What most Americans actually believe.
That's quite a claim. And it's presumably purely coincidental that this undiscovered majority is so sympathetic to the Esquire agenda.
Both Sides Now
The false ideology of Beltway-insiderism can also be found in this Esquire paragraph:
"To be sure that its findings were as far removed from the prevailing political interests as possible, the poll was designed and conducted in ecumenical fashion, by both the Benenson Strategy Group, President Obama's pollster, and Neil Newhouse of Public Opinion Strategies, who conducted the polls for Governor Romney."
The impartial observer might be more likely to conclude that hiring not one, but two pollsters for mainstream political candidates might be a way to ensure that its findings reflected "the prevailing political interests."
But that's corporate-centrist ideology in a nutshell: One politician is a partisan. Two politicians are the American people incarnate.
Neil Newhouse, the Romney pollster who seems to have been something of a silent partner in this enterprise, became known for two things during the 2012 election. He insisted that the Romney campaign "would not be dictated by fact-checkers" after it was criticized for deceptive advertising. He also insisted that Romney would win.

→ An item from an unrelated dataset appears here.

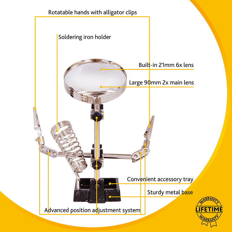 La lente è realizzata in vetro polimero ottico e fornisce immagini nitide e dettagliate di qualsiasi oggetto ingrandito. Il suo corpo in metallo resistente assicura stabilità e una lunga vita utile. Tutte le lenti di questa serie sono dotate di terza mano per il supporto di oggetti.

Newhouse is a top Republican consultant. Benenson has been described by GQ as is one of "the fifty most powerful people in DC," a fact his company website proudly proclaims, alongside a similar accolade -- if that's the right word -- from Newsweek. So this piece may merely reflect the biases of longtime insiders. The Benenson Group has done excellent work in the past. We certainly hope this doesn't reflect its acquisition by a multinational named WPP, whose website says that "WPP companies exist to help their clients compete successfully: in marketing strategy, advertising, every form of marketing communication and in monitoring progress."
After all, polling is not advertising or "marketing communication."
The raw data don't easily lend themselves to this centrist interpretation. There's no space here to go through all the issues, so let's take just one: government regulation. Most Americans are ambivalent about it. The conservative American Enterprise Institute think-tank captured that ambivalence effectively in its 2011 review of public opinion on the subject.
The Pew Research Center found in 2012 that most Americans (63%) agree with the statement that "a free-market economy needs government regulation in order to best serve the public interest," a figure that was essentially unchanged from its 62% level in 2009. But Pew also found that solid majorities believe that government regulation of business "usually does more harm than good" (a finding we would argue is the result of decades' worth of marketing).
The Esquire/NBC News poll shows that 42% of respondents said they agreed with the statement that "financial reform should only be used to curb abuses, and shouldn't interfere with banks' and investors' ability to make profits."
That's a slanted question. A "yes" does not necessarily mean Americans think the government is doing too much regulation, although there are times when Americans do think that. The operative word is still "ambivalence." But Esquire's editors nevertheless state unequivocally that the "Center wants the Federal government "to go easy on regulation."
Other phraseology is equally dicey. Esquire tells us, for example, that "the Center believes that the government should help only those who really need help." What does that even mean? Who supports helping people who don't need help? It's like the old Henny Youngman joke about the Boy Scout who helped old ladies across the street "whether they wanted to cross the street or not."
Even a "bleeding heart" like me wouldn't go for that.